If an existing file is found in the destination with the same name as
an imported file that the copy is skipped for that file; specifying the
--overwrite option means that the existing file will be replaced
with the imported version.
SOURCE_DIR can either be a local directory, or a directory on a
remote server. The syntax [USER@]HOST:DIR can be used to specify
a remote source.
A single file can also be imported:
fetch_data.py SOURCE_FILE DEST
which will copy SOURCE_FILE into directory DEST (if DEST
is an existing directory), or copy and rename as file DEST (if
DEST doesn’t exist).
manage_fastqs.py: managing and copy Fastq files
The manage_fastqs.py utility can be used to explore and copy data from
an analysis directory to another location on a per-project basis.
For example, to get a list of projects within a run:
manage_fastqs.py ANALYSIS_DIR
Note
If a project contains multiple sets of FASTQs then these will be listed under the project name, with the default “primary” project marked with an asterisk.

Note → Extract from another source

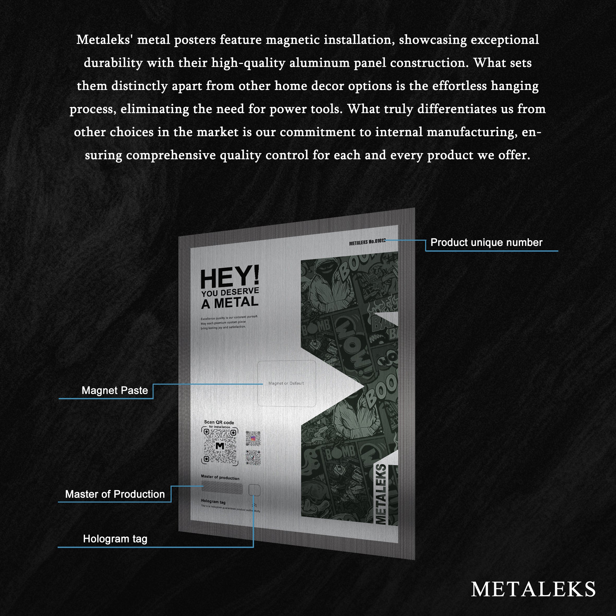 Unmatched Individuality:?Metaleks brings together exceptional creators from all around the world. They craft with heart and inspiration, delivering a unique visual experience for you.

To see a list of the FASTQ files associated with a particular project:
manage_fastqs.py ANALYSIS_DIR PROJECTNAME
To copy the FASTQs to a local or remote directory, use the copy command:
manage_fastqs.py ANALYSIS_DIR PROJECTNAME copy /path/to/local/dir
manage_fastqs.py ANALYSIS_DIR PROJECTNAME copy me@remote.org:/path/to/remote/dir
This will also generate an MD5 checksum file for the transferred files; to
generate the MD5 sums on their own, use the md5 command:
manage_fastqs.py ANALYSIS_DIR PROJECTNAME md5
Finally to make a zip file containing the Fastqs, use the zip command:
manage_fastqs.py ANALYSIS_DIR PROJECTNAME zip
Note
The zip option works best if the Fastqs are relatively small.
Working with multiple Fastq sets
If a project has more than one Fastq set associated with it then by
default the operations described above will use the “primary” set
(typically, the set of Fastq files in the fastqs subdirectory
of the project).
To operate on an alternative set, use the --fastq_dir option to
switch e.g.:
manage_fastqs.py ANALYSIS_DIR PROJECTNAME --fastq_dir=ALT_FASTQS_DIR
Handling subsets of files
Use the --filter option to work with a subset of files - this allows a
‘glob’-style pattern to be specified so that only files with matching names
will be included.
For example to only copy R1 files:
manage_fastqs.py ANALYSIS_DIR PROJECTNAME copy /path/to/local/dir --filter *_R1_*
transfer_data.py: copying data for transfer to end users
Overview
The transfer_data.py utility can be used to copy data from analysis
projects to different destinations, typically to transfer copies of
data to end users.
A destination is defined as a local or remote directory where files will be copied, for example in its most basic mode:
transfer_data.py /mnt/data/shared PROJECT_DIR
will copy Fastq files from the project referenced by PROJECT_PATH to
the local directory /mnt/data/shared.
Destinations can also be defined in the configuration file (see Data transfer destinations) and then referred to by their name when copying the Fastqs.
For example:
transfer_data.py webserver PROJECT_DIR
where webserver is a pre-defined destination.
A job runner can be specified in the configuration file to use for
computationally-intensive operations (for example copying large files
or creating archives), by setting the transfer_data runner (see
Job Runners). If this isn’t set then the rsync runner will
be used instead.
The --dry-run option can be used to check what the utility will
do without actually performing any operations.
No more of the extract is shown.